**REQUIRED ACTION**
Reproduce the data exactly as given, except for any images.

**RECORDED DATA**
※

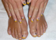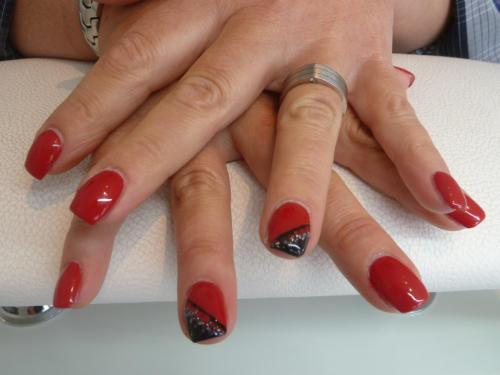mit Gel auf den Nagel aufgetragen und hält ca. 6 – 8 Wochen.
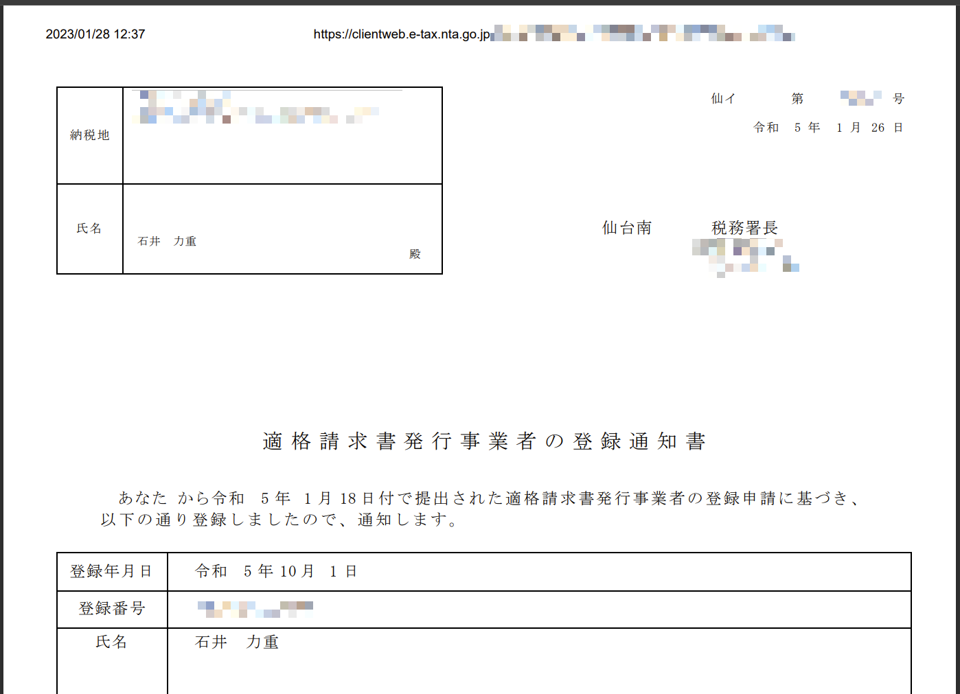 2023.01.28 アイデアプラント 6th(2021-2023) インボイス(適格請求書)の発行事業者の登録をしました。先ほど、適格請求書発行事業者の登録が完了しました。10月1日より、請求書には、石井力重の登録番号「T+13桁の数字」を記載して、ご請求書を発行します。 « ワークショップの様子が、夕方のニュースに少しだけ、出ていました。 現地3件、オンライン1件、の登壇の1月。長期出張の2月。 »
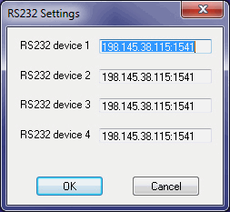 Basically, VICE allows you to have multiple "virtual" RS-232 ports, but only one can be selected at any given time. Here, I have the same IP Address and Port for all four devices, but you really only need to choose one. You must use the IP Address and port, as shown in this picture. Do not use the domain name because VICE will not recognize it properly. When finished, click OK.

※

**WRITTEN ANSWER**
mit Gel auf den Nagel aufgetragen und hält ca. 6 – 8 Wochen.
 2023.01.28 アイデアプラント 6th(2021-2023) インボイス(適格請求書)の発行事業者の登録をしました。先ほど、適格請求書発行事業者の登録が完了しました。10月1日より、請求書には、石井力重の登録番号「T+13桁の数字」を記載して、ご請求書を発行します。 « ワークショップの様子が、夕方のニュースに少しだけ、出ていました。 現地3件、オンライン1件、の登壇の1月。長期出張の2月。 »
 Basically, VICE allows you to have multiple "virtual" RS-232 ports, but only one can be selected at any given time. Here, I have the same IP Address and Port for all four devices, but you really only need to choose one. You must use the IP Address and port, as shown in this picture. Do not use the domain name because VICE will not recognize it properly. When finished, click OK.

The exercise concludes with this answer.